The task.
The answer must consist only of the lines in the records below from the line with "그리고 전용 85제곱미터 이하에도 일반공급 추첨제를 도입한다고 합니다." to the line with "multimedia is preserved", both included, copied word for word with every picture left out.

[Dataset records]
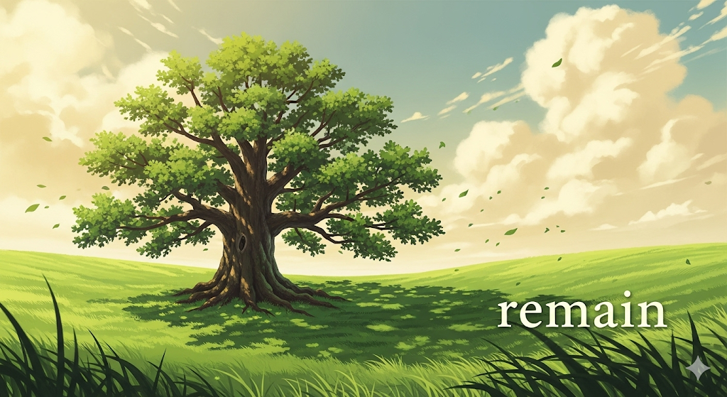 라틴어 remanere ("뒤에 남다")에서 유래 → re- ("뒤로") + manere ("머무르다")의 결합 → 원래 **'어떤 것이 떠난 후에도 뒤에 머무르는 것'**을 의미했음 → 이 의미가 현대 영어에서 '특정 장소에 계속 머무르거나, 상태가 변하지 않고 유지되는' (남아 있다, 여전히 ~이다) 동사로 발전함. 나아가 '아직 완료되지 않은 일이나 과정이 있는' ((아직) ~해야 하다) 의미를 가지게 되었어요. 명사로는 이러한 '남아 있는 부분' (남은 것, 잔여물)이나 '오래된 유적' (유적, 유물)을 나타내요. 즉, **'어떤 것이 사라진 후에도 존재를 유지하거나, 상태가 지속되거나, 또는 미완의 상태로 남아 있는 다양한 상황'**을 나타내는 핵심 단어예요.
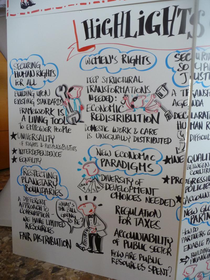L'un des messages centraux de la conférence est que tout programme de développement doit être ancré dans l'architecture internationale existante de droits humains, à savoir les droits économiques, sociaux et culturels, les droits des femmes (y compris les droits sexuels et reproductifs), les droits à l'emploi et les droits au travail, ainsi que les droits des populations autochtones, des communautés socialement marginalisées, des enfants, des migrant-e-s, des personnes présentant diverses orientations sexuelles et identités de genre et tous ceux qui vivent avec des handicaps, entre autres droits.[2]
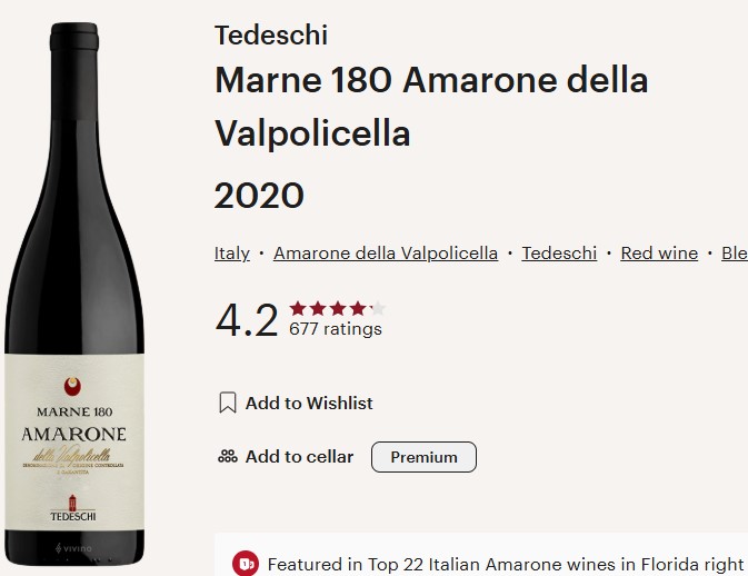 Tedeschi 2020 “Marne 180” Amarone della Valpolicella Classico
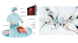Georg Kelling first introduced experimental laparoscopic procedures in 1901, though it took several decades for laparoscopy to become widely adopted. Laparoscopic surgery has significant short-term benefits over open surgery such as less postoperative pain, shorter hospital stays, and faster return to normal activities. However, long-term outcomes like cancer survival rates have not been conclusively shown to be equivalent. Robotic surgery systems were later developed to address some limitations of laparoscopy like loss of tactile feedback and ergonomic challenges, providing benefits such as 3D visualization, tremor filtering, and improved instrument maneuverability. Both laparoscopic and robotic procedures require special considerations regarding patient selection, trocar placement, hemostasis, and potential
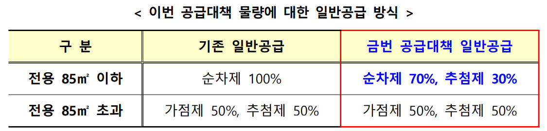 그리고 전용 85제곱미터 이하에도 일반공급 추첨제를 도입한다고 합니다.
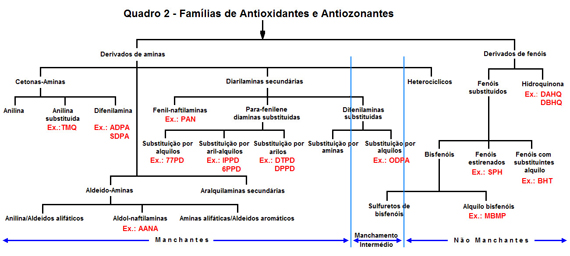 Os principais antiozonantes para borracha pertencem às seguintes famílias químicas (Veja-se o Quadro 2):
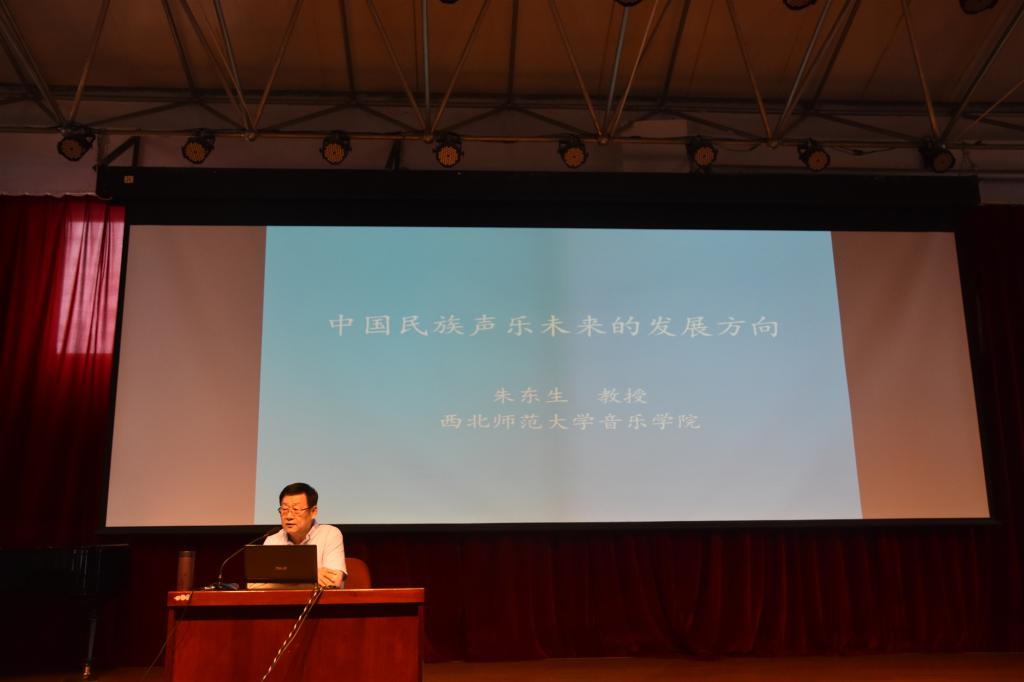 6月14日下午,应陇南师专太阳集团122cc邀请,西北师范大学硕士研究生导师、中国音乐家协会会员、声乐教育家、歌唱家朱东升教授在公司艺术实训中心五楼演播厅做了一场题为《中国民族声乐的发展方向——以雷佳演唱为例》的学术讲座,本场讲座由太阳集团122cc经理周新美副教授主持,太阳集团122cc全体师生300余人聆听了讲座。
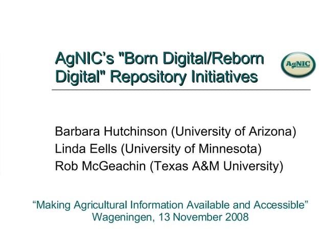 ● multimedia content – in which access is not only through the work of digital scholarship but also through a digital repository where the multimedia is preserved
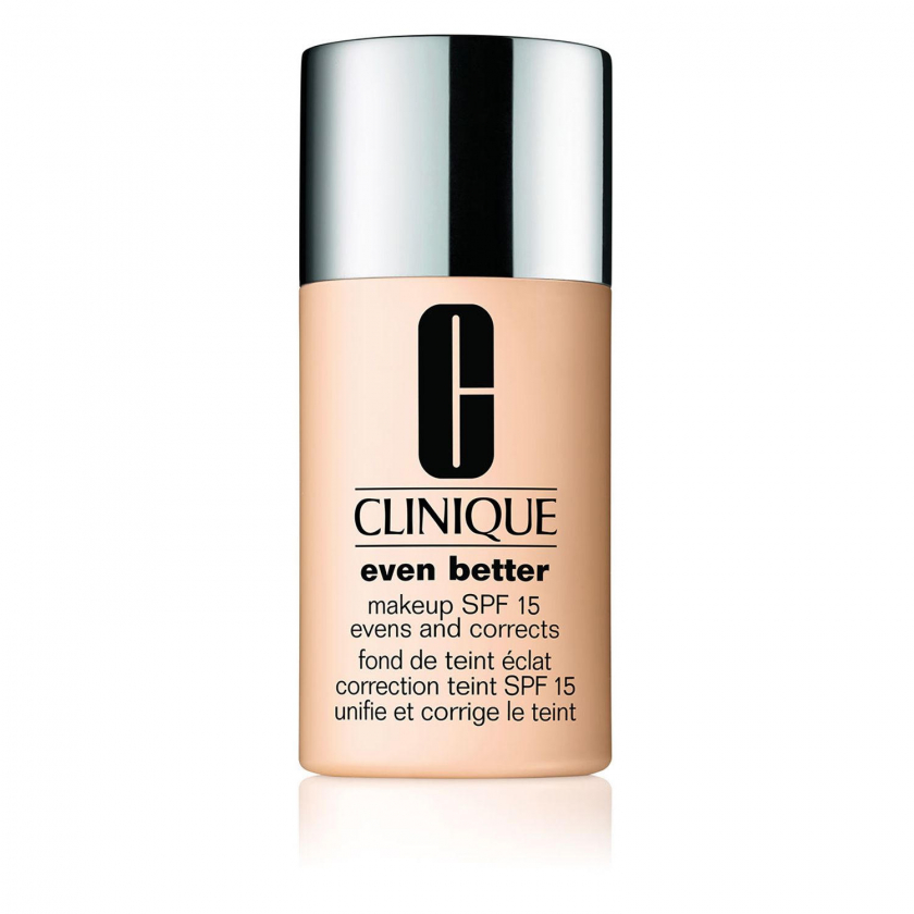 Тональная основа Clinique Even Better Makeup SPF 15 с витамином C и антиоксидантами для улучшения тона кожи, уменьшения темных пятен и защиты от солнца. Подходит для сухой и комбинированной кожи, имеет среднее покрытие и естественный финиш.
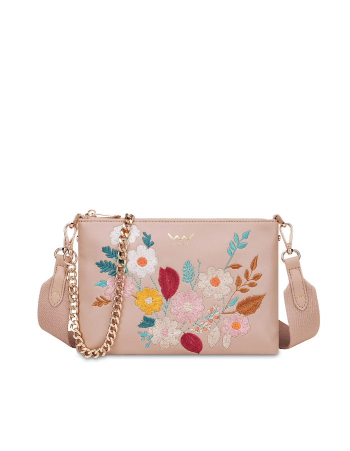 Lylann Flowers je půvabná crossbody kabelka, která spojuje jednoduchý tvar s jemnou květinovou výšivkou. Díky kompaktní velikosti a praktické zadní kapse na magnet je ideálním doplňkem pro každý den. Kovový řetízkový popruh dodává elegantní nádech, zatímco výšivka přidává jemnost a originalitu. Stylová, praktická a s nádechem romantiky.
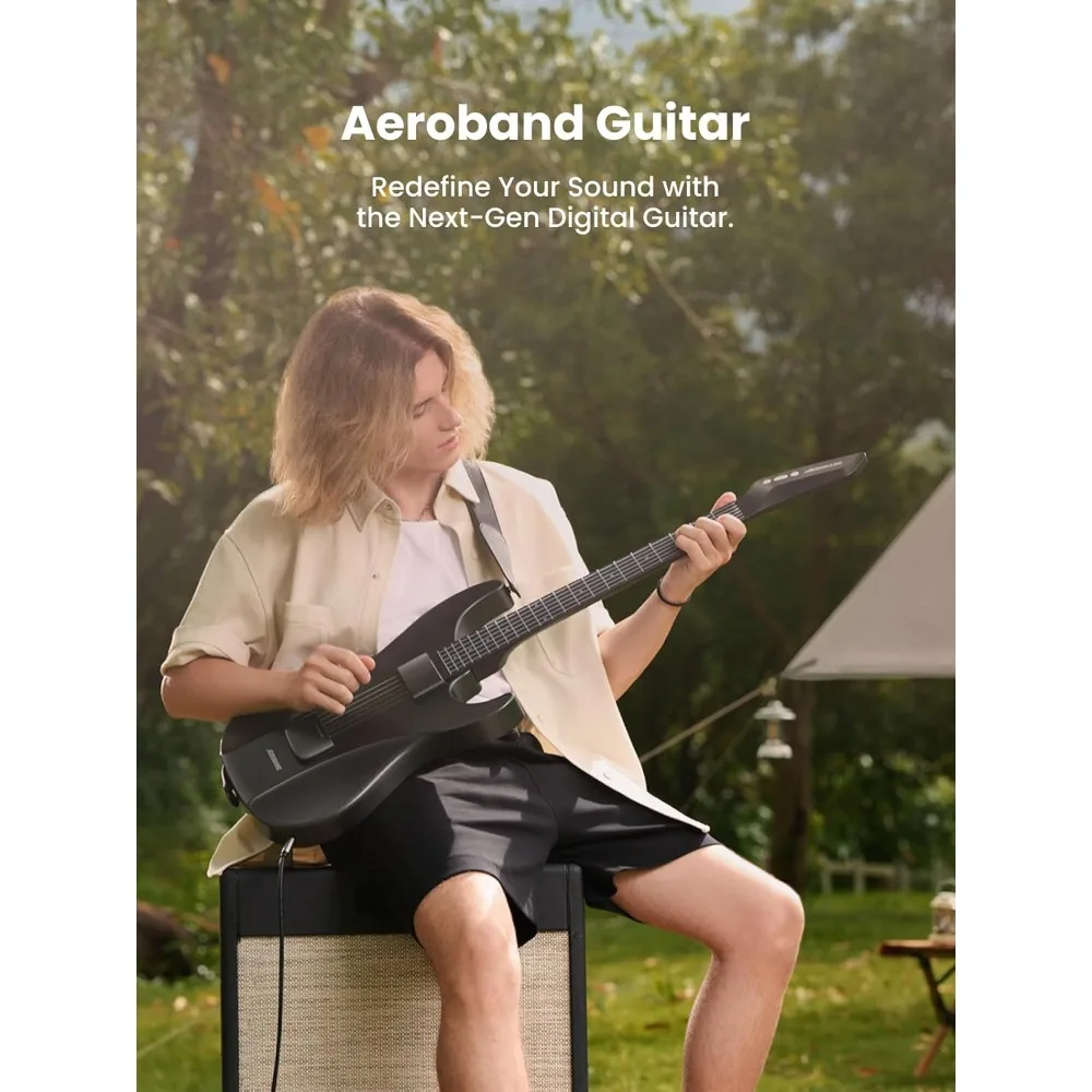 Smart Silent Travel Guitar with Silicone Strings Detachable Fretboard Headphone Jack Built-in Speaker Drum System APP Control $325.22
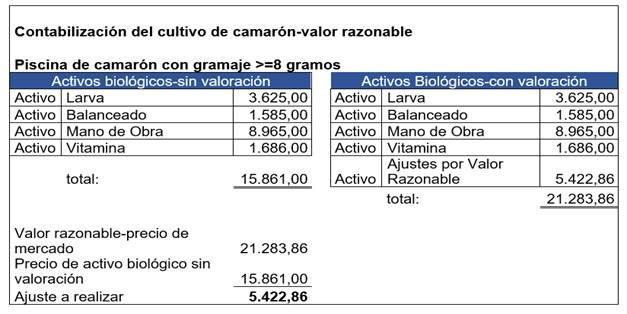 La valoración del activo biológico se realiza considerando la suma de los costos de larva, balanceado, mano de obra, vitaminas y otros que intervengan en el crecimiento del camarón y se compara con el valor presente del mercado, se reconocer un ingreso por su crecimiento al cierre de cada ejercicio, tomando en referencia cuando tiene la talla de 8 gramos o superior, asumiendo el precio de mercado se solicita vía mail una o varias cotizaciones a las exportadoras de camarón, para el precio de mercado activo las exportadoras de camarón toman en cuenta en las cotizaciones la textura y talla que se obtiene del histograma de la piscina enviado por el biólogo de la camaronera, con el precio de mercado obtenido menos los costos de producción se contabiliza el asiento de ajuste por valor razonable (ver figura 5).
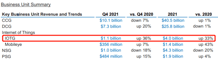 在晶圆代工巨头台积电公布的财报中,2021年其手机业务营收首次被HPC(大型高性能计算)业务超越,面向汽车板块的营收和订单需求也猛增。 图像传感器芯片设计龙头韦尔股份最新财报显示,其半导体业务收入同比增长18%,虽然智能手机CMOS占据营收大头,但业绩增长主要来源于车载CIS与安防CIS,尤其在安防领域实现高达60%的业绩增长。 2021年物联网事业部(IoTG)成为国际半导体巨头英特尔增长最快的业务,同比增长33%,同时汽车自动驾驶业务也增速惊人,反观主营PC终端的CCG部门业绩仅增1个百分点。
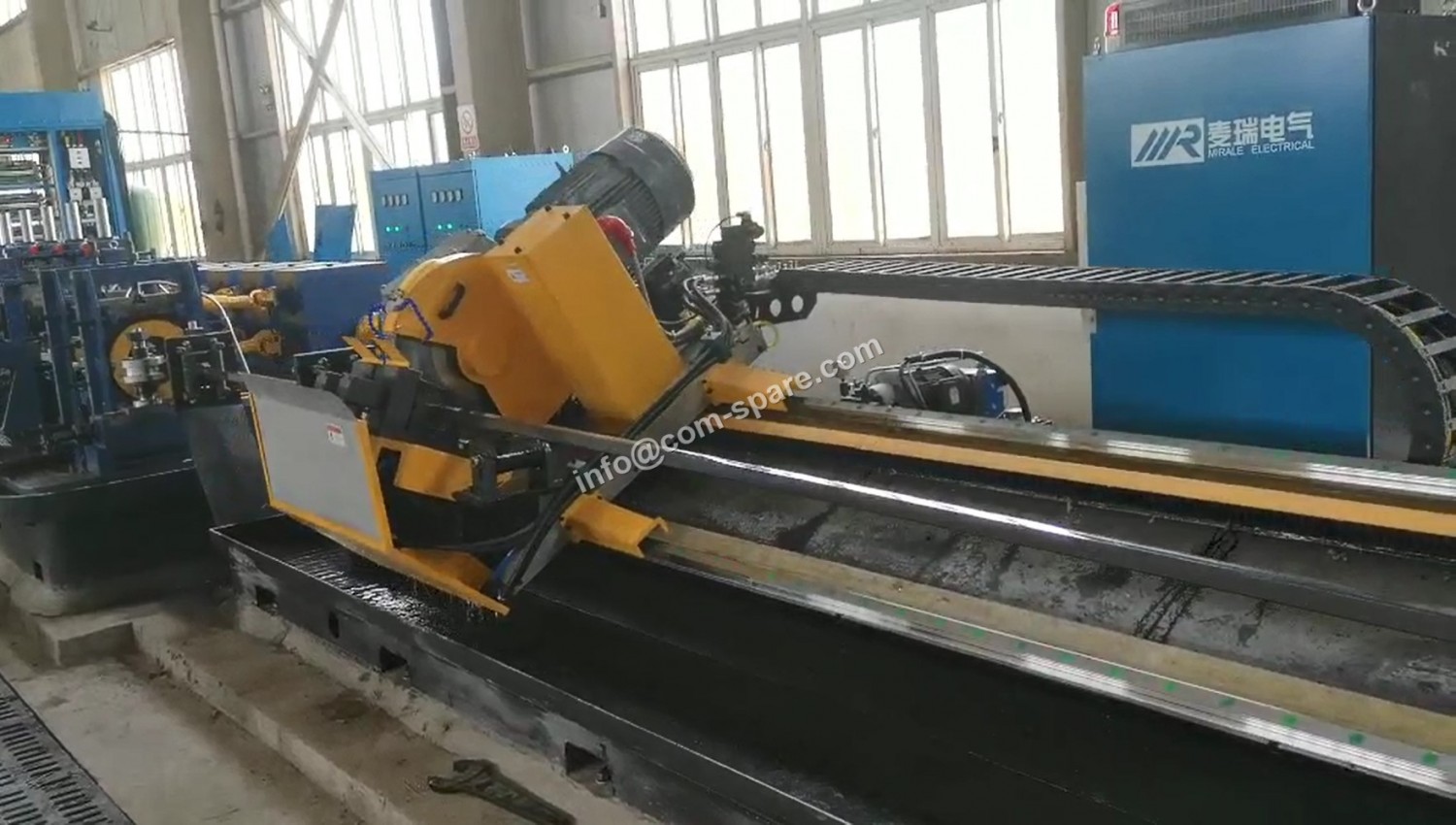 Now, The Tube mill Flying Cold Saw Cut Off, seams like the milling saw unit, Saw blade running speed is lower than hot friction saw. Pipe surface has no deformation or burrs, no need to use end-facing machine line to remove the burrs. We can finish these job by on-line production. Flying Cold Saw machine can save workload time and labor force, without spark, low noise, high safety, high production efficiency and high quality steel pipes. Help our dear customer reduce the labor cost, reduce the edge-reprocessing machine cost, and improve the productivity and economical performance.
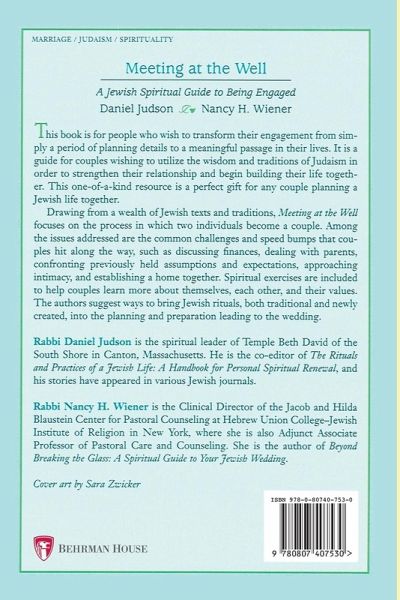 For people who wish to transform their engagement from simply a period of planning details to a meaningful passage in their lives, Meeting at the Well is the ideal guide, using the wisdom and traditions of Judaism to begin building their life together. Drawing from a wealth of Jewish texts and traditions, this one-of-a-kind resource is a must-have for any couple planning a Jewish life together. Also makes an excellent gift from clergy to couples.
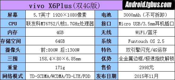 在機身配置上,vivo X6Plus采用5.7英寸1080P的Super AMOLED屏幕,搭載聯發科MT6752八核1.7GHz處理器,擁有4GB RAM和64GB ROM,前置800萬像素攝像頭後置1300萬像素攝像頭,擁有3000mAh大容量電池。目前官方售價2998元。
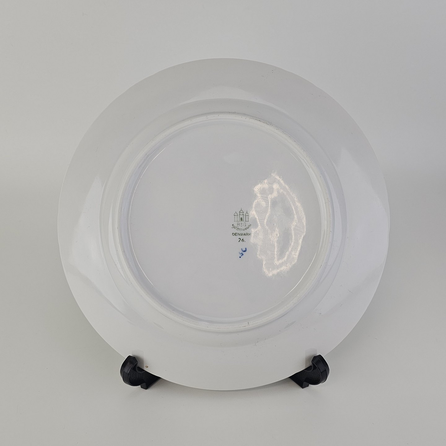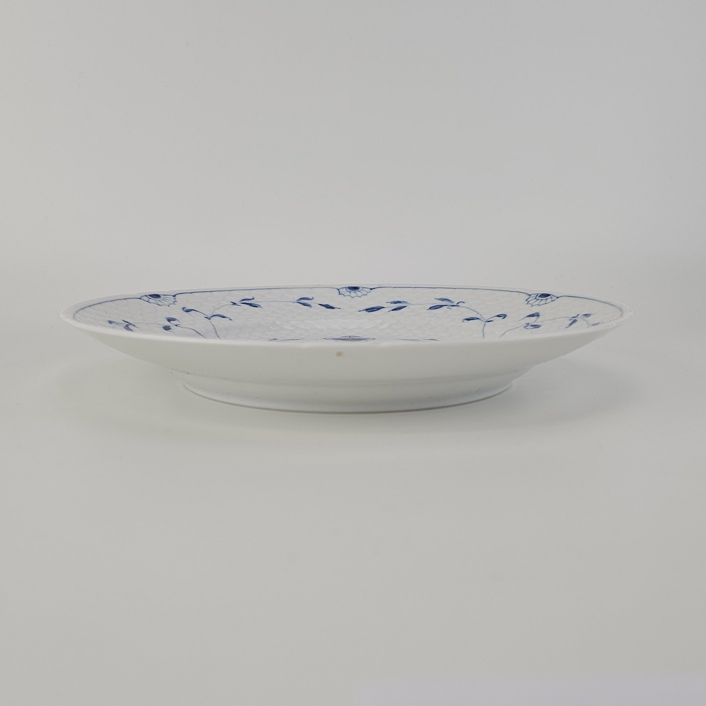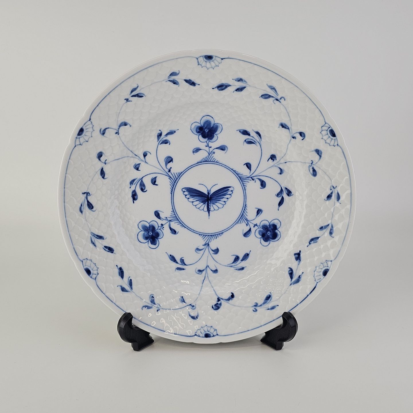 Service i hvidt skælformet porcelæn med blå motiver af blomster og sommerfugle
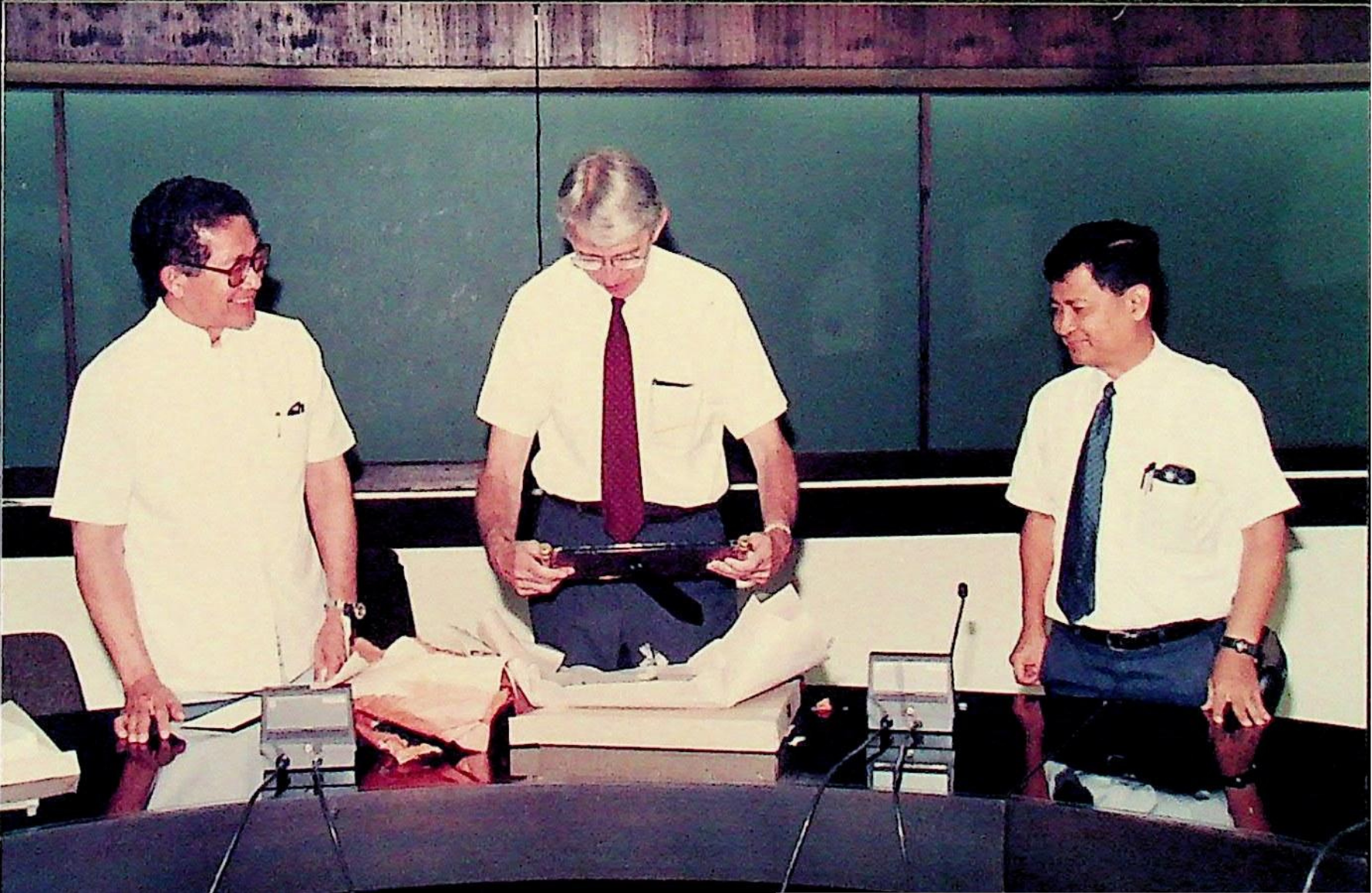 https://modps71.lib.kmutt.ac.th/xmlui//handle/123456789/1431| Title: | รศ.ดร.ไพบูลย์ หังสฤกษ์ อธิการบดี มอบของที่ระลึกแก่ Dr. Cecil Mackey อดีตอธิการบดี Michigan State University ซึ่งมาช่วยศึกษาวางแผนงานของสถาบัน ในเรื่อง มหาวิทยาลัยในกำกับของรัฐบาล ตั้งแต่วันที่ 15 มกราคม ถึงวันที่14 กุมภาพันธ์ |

Answer to the problem.
 그리고 전용 85제곱미터 이하에도 일반공급 추첨제를 도입한다고 합니다.
 Os principais antiozonantes para borracha pertencem às seguintes famílias químicas (Veja-se o Quadro 2):
 6月14日下午,应陇南师专太阳集团122cc邀请,西北师范大学硕士研究生导师、中国音乐家协会会员、声乐教育家、歌唱家朱东升教授在公司艺术实训中心五楼演播厅做了一场题为《中国民族声乐的发展方向——以雷佳演唱为例》的学术讲座,本场讲座由太阳集团122cc经理周新美副教授主持,太阳集团122cc全体师生300余人聆听了讲座。
 ● multimedia content – in which access is not only through the work of digital scholarship but also through a digital repository where the multimedia is preserved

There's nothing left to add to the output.